Why it works: If the desired replication factor is 3, but only 2 brokers are healthy and in sync, Kafka cannot guarantee that the data is written to 3 replicas. Reducing the replication factor to 2 (if 2 brokers are healthy) allows the system to meet the new, lower durability guarantee.

4. High Load and Broker Resource Constraints: When brokers are under heavy load (high CPU, memory, or disk I/O), they may become slow to respond to replication requests or heartbeats, causing them to be temporarily removed from the ISR list.

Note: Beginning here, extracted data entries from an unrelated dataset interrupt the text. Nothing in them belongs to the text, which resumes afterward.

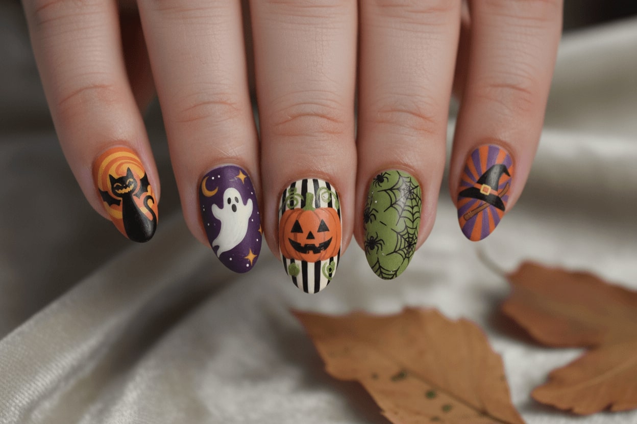 28. Vintage Halloween manicure art with retro colors
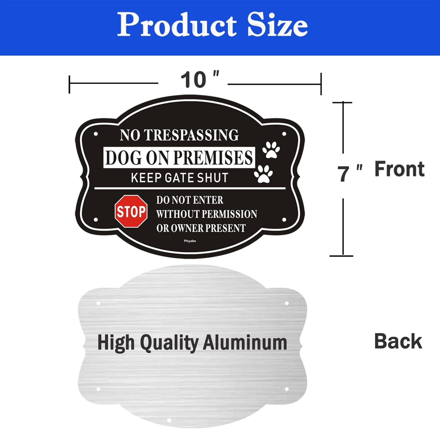 Pre-printed: No Trespassing, Dog On Premises, Keep Gate Shut, Do Not Enter
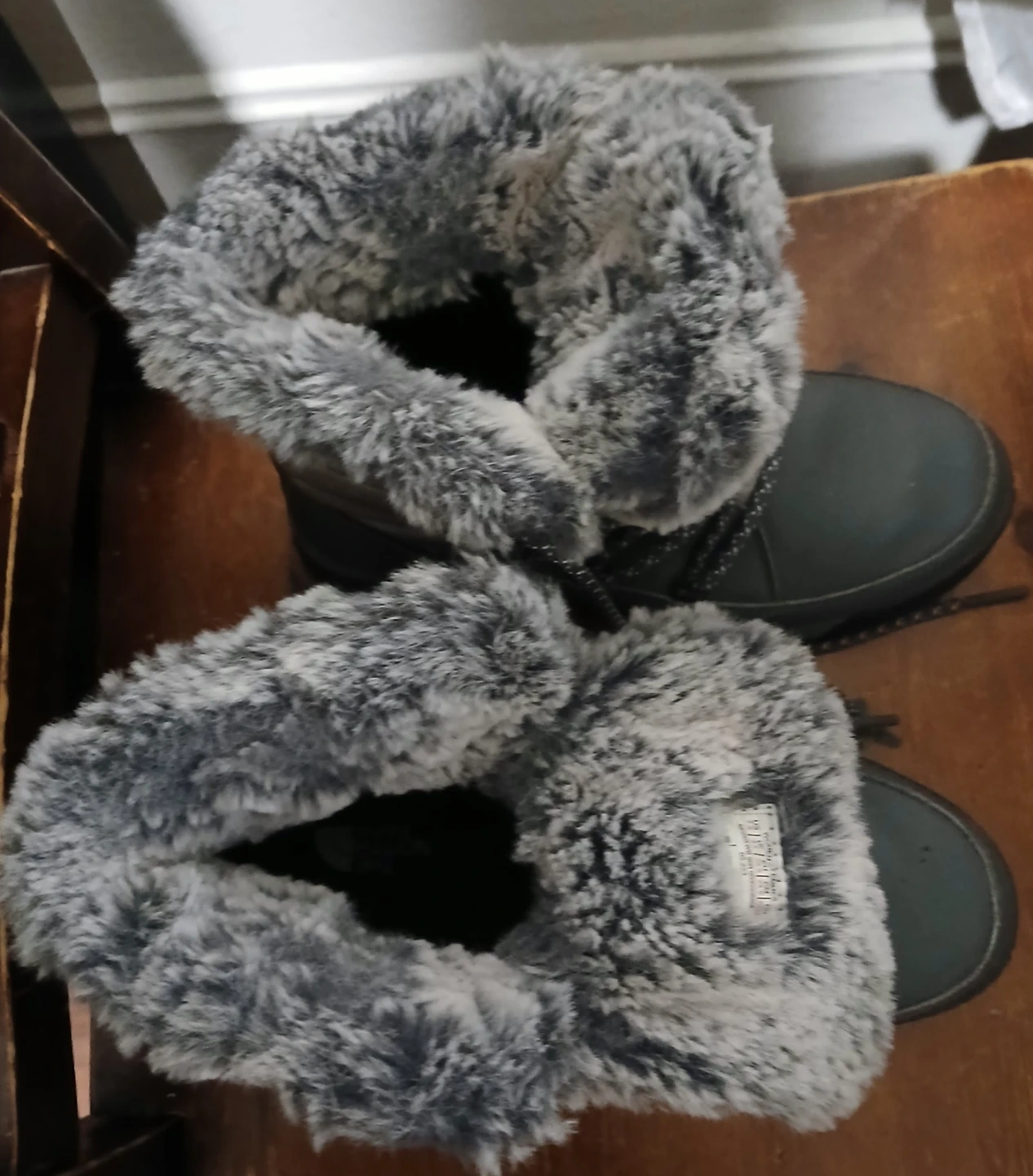 These gray winter boots from The North Face are designed for warmth and comfort. They feature a faux fur lining and lace-up closure. Durable sole provides good traction. Size 7.5 adult.
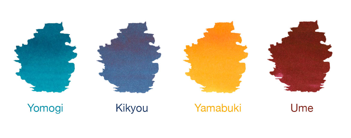 Il set Include 4 colori: Yomogi (verde), Kikyou (blu-viola), Yamabuki (giallo oro), Ume (rosa tenue)

Diagnosis: Monitor broker resource utilization. Check CPU, memory, disk I/O, and network bandwidth on the Kafka brokers. Kafka broker logs are also crucial; look for messages indicating slow disk operations, high garbage collection pauses, or network buffer issues. JMX metrics for Kafka can provide detailed insights into request latency and queue depths.
Fix: Scale up your Kafka cluster by adding more brokers, or scale up the resources of existing brokers (more CPU, faster disks, more RAM). Optimize producer configurations, such as reducing batch sizes or request timeouts if they are too aggressive for your cluster’s capacity.
Why it works: If a broker is overloaded, it might not be able to process replication requests or send heartbeats to the controller in a timely manner. This can lead to it being marked as out-of-sync or even down, reducing the effective number of replicas available and triggering the exception. Providing more resources or optimizing load alleviates these bottlenecks.

5. Incorrect min.insync.replicas Configuration: The min.insync.replicas setting for the topic or the broker might be too high for the current cluster state.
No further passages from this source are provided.